Regex using word boundary but word ends with a . (period)

Question

want to match word i.v. case insensitive

have pattern

(?i)\bi\.v\.

but want a word boundary on the end
the above pattern fails in that it matches
i.v.x

but if I try and add a work boundary to the end

(?i)\bi\.v\.\b

it fails in that it does not even match i.v. as I think the \b is eating the literal . as . is a word break
need the \. to be greedy

i want to match
sam i.v. sam

do not want to match
sam.i.v.
i.v.sam

This get closer

(?i)\bi\.v\.\s$

But it fails to find i.v. at the end of a line

Answer 1

\b only matches between an alphanumeric character and a non-alphanumeric character (or the start/end of string). Therefore, it doesn't match after a ., unless an alphanumeric character immediately follows that dot.

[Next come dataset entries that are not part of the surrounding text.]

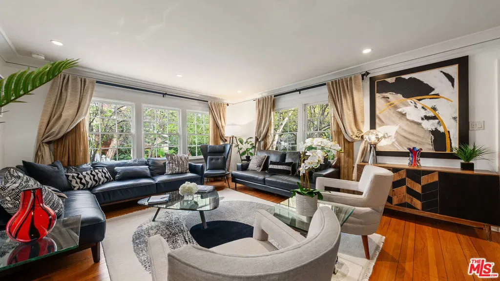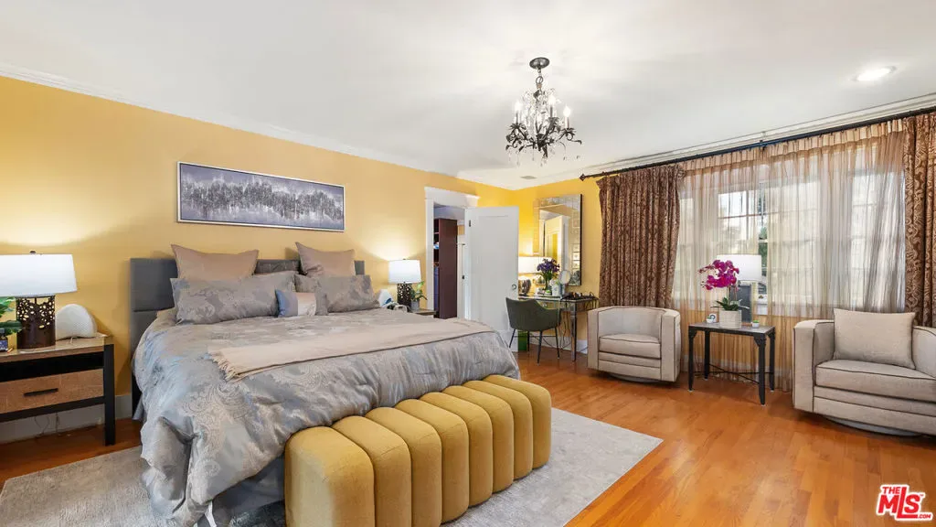 Welcome to this charming cottage-style home in the heart of Glendale Woodlands Area spanning over 4,000 square feet, this residence offers a traditional layout with 4 bedrooms and 3.5 bathrooms. Elegant crown moldings, a cozy fireplace, and seamless flow into the family room highlight the home’s inviting character. The formal dining room, anchored by a statement chandelier, connects to a chef’s kitchen equipped with ample storage, granite countertops, a Sub-Zero refrigerator, and a WOLF range. For more casual gatherings, the entertainment room opens through French doors to a lush backyard retreat. The spacious primary suite features its own set of French doors leading outside, a generous walk-in closet, and a spa-like bathroom. Three additional bedrooms and two bathrooms complete the home’s interior. Step outside to a resort-style backyard, where a sprawling patio, flat grassy area, sparkling pool, and relaxing jacuzzi create the perfect oasis for entertaining and unwinding.
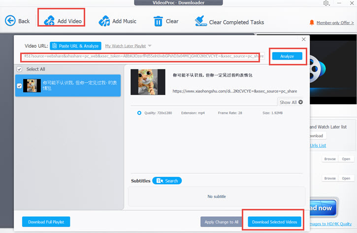 Inside the web app, you can save the videos or images directly via the Share icon, just as we demonstrated in method 1. However, if the OP toggles off the save option, or if you prefer to download Xiaohongshu videos in batch, you can resort to VideoProc Converter AI for easy batch downloading.
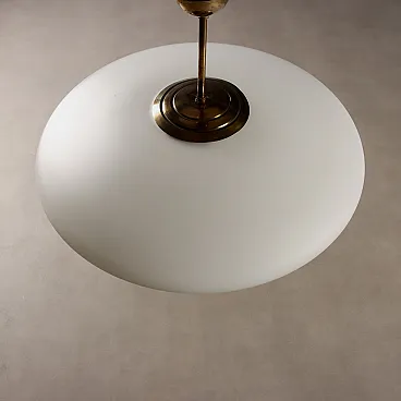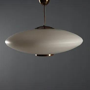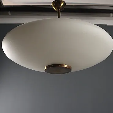 Lampada da soffitto vintage con struttura in ottone e diffusore in vetro opalino a forma di ufo.
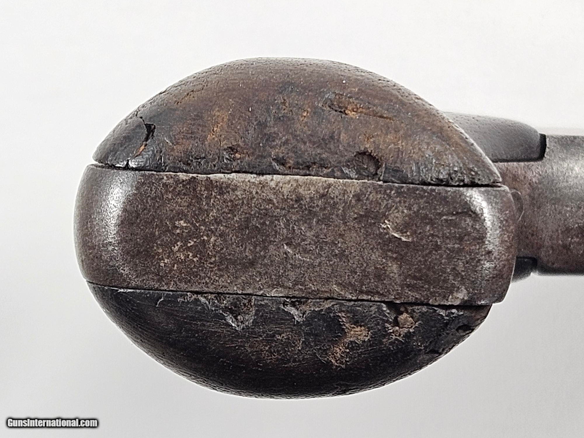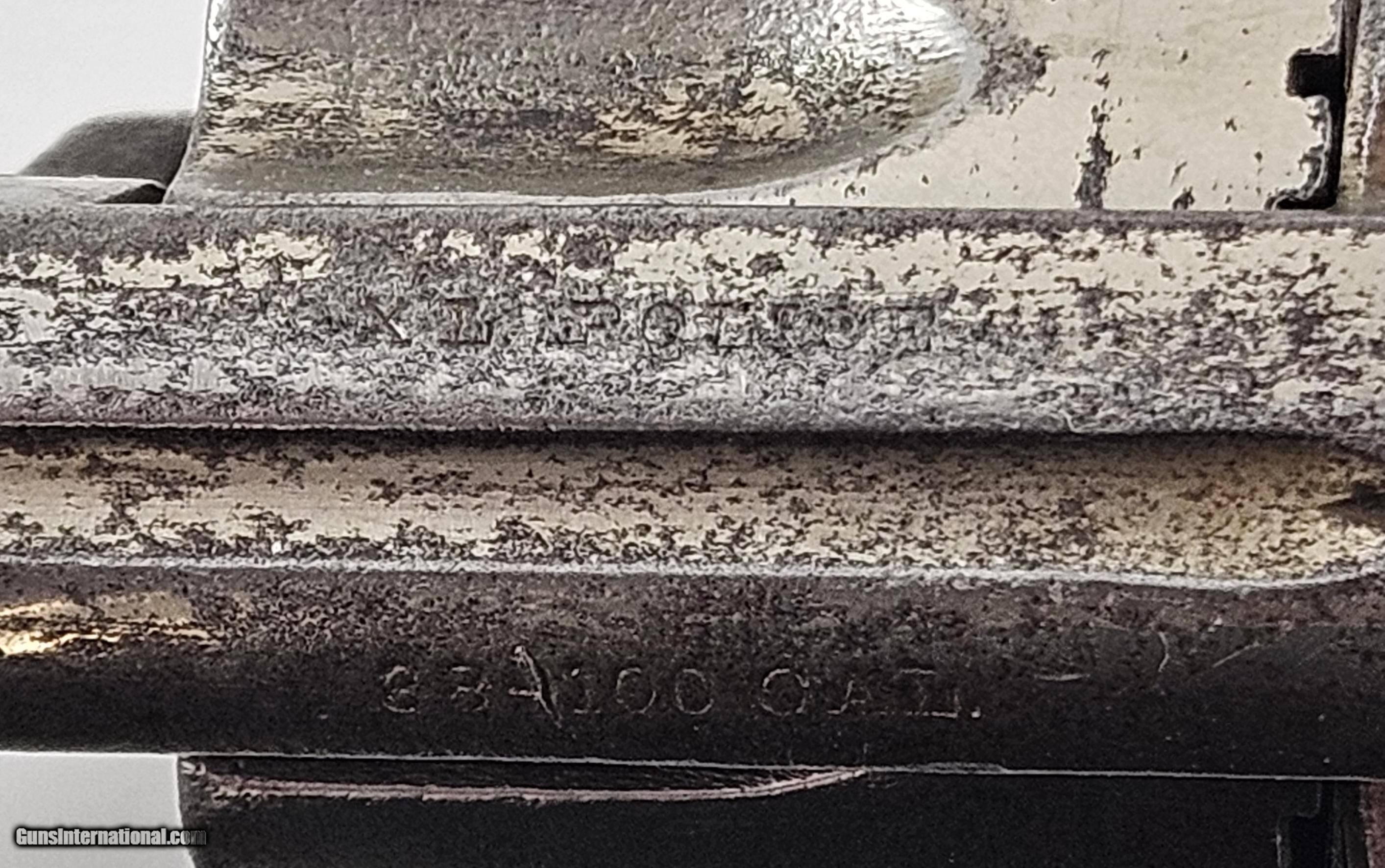 Description: Here is a Hopkins and Allen XL Police in 38 Rimfire. The top strap is labeled correctly with XL Police and with 38-100 cal. The action functions if you point the barrel to the ground so the hand spring is broke. The rest of the action functions correctly with the extractor working. Based on my research they only made a few hundred of these round grip, 4 1/2", XL Police guns. This gun is an antique so it can ship direct to you. Shipping is $25 to the continuous States SOLD Antique: Yes Manufacturer: Hopkins & Allen Model: XL Police Serial Number: 1356 |

If your intent is to make sure that no non-whitespace character follows after the dot, then you can specify that using a negative lookahead assertion:

(?i)\bi\.v\.(?!\S)

(?!\S) means "Assert that the next character is not a non-whitespace character".

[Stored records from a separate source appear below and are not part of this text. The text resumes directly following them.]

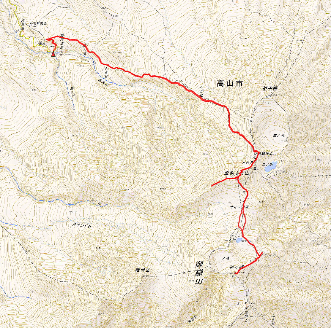 −二ノ池本館(12:04/12:45)−摩利支天山(13:48)−五の池小屋(14:38)−のぞき岩避難小屋(15:48)−小坂口登山口(17:06)
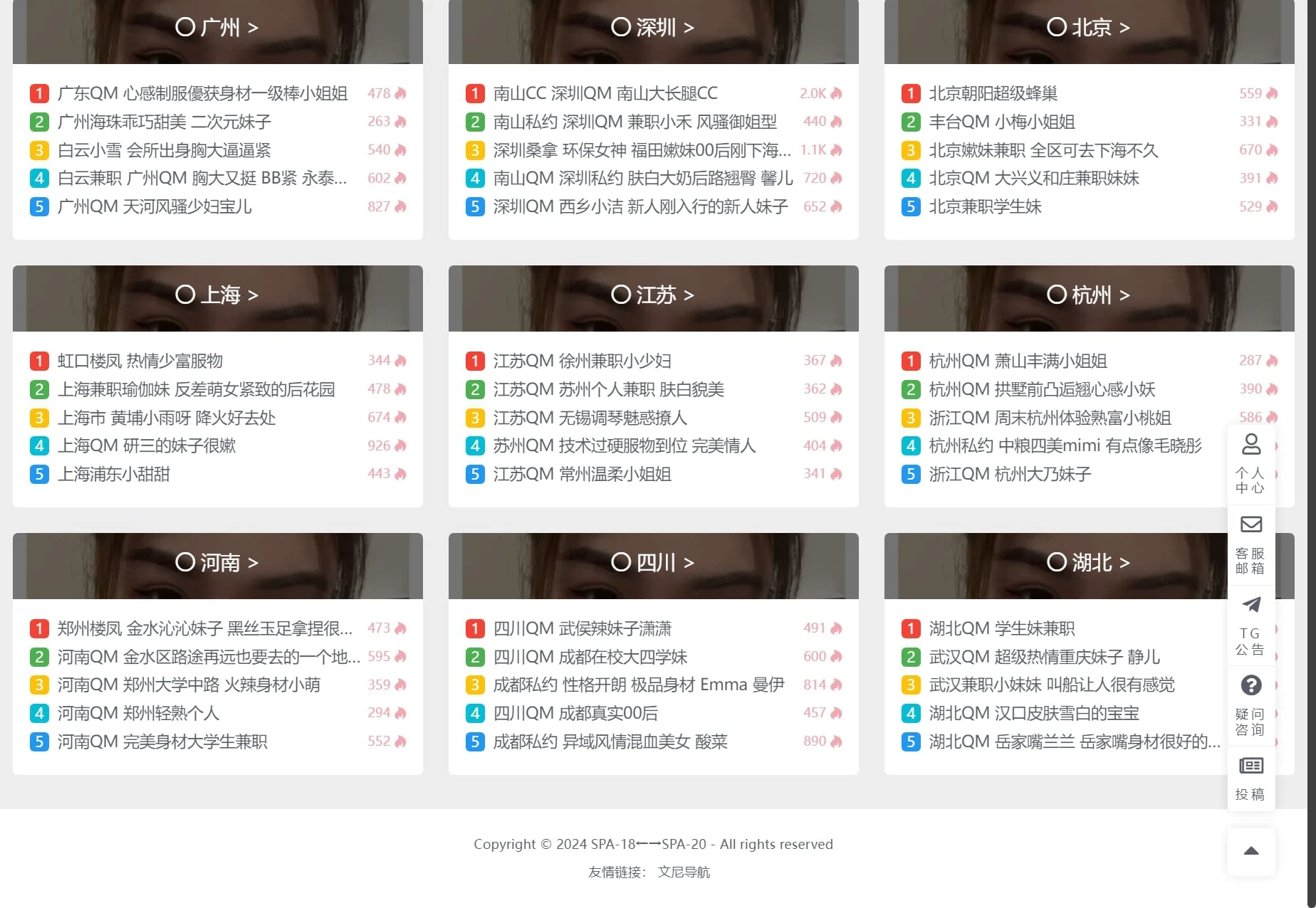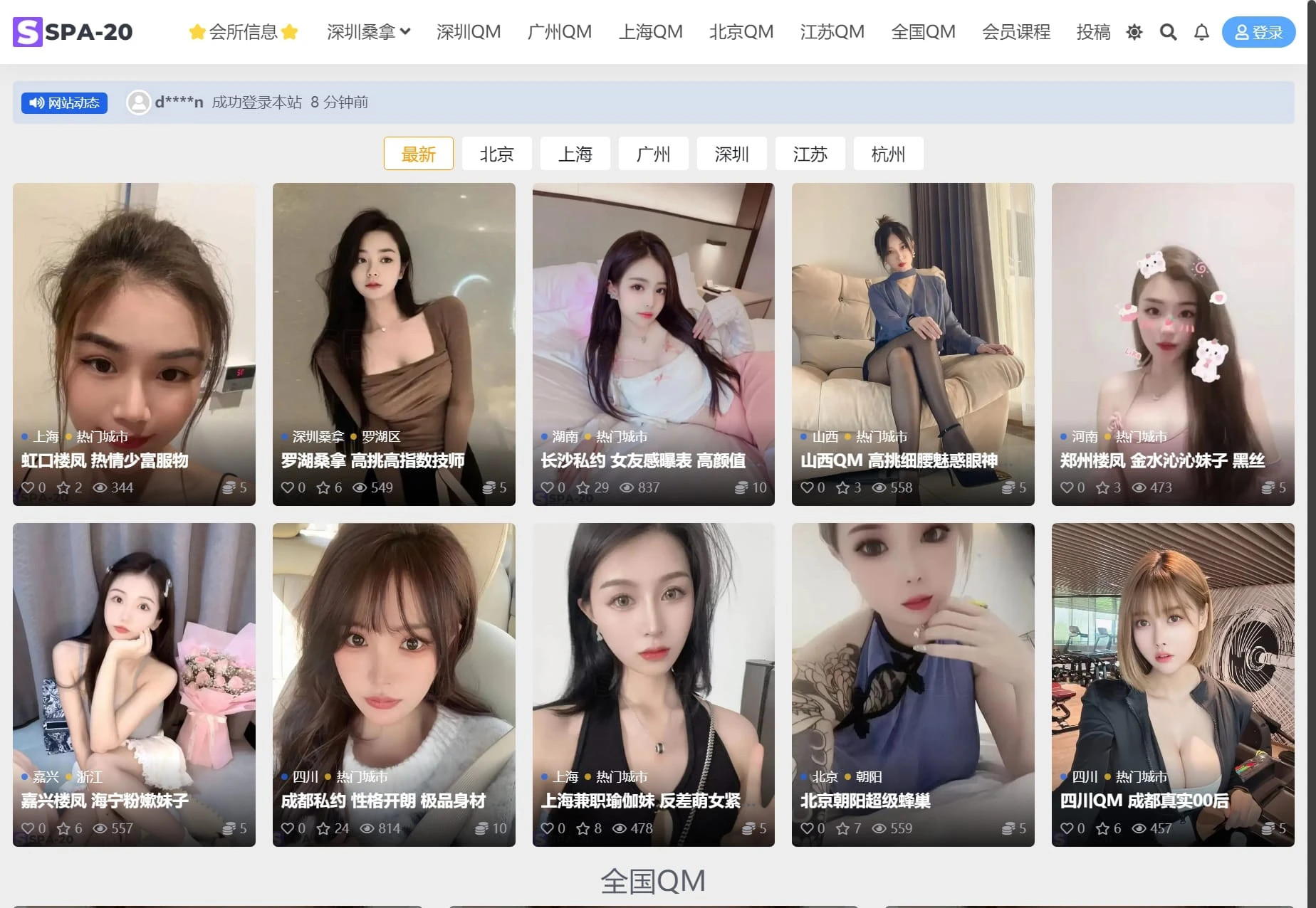 “SPA-20”是一个专注于高端会所和私人服务的信息聚合平台,展示不同城市的会所项目与个体服务提供者。用户可以通过城市分类快速筛选服务,网站内容突显“QM”(情趣按摩)和“楼凤”主题,旨在吸引用户寻求私密体验的兴趣。
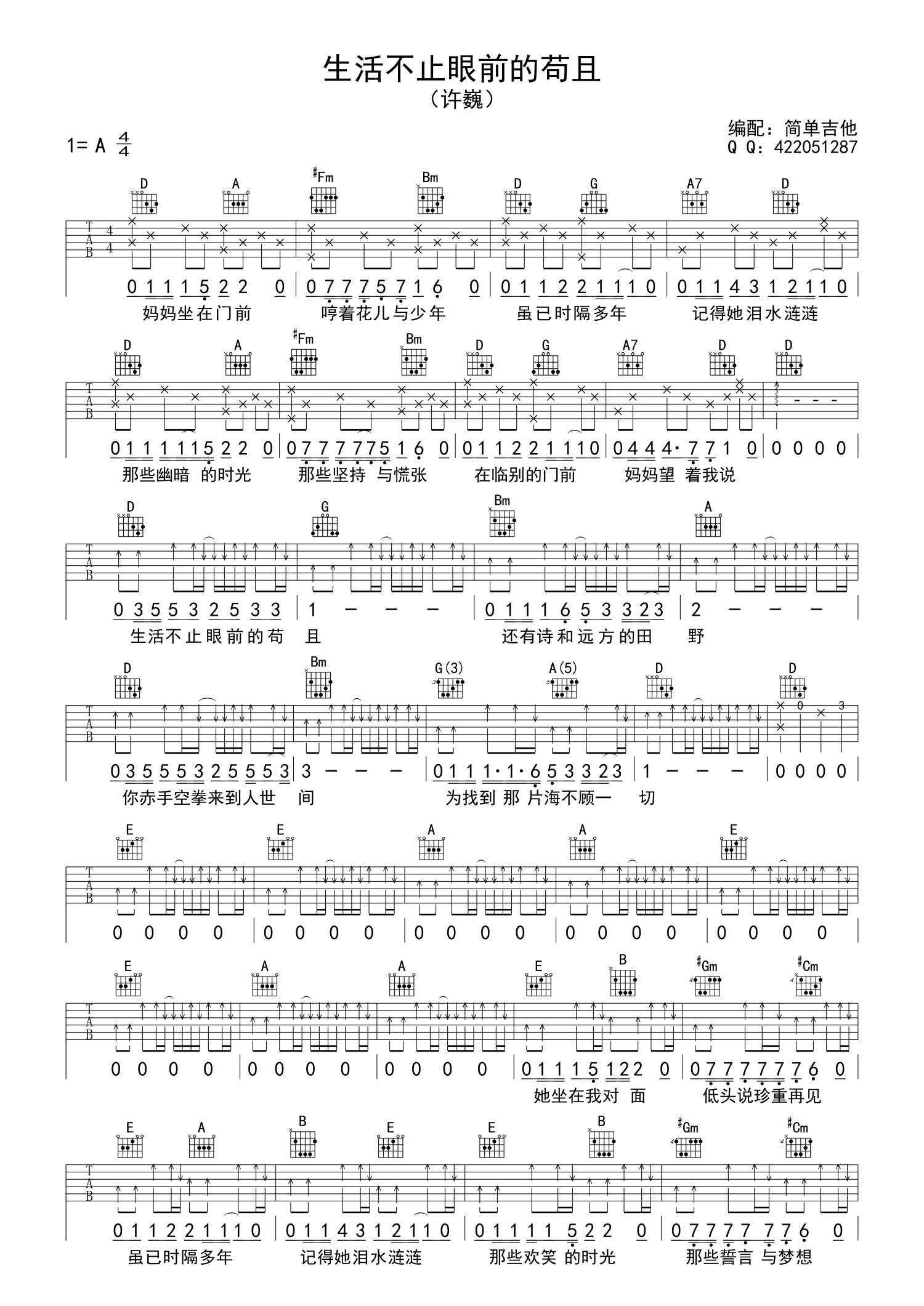 • 生活不止眼前的苟且吉他谱 - 许巍 - A调吉他弹唱谱第1张

This may sound a bit convoluted - why the double negative? Why not (?=\s) which means "Assert that the next character is a whitespace character"? Well, there is a subtle difference: The second version requires a whitespace character to be there; that means the regex would fail to match at the end of the string. The first regex handles that corner case as well.

If you generally want the concept of "word boundary" to mean "space-delimited", then you need to replace the first \b as well:

(?i)(?<!\S)i\.v\.(?!\S)

or the regex will match sam.i.v. which you don't seem to want it to.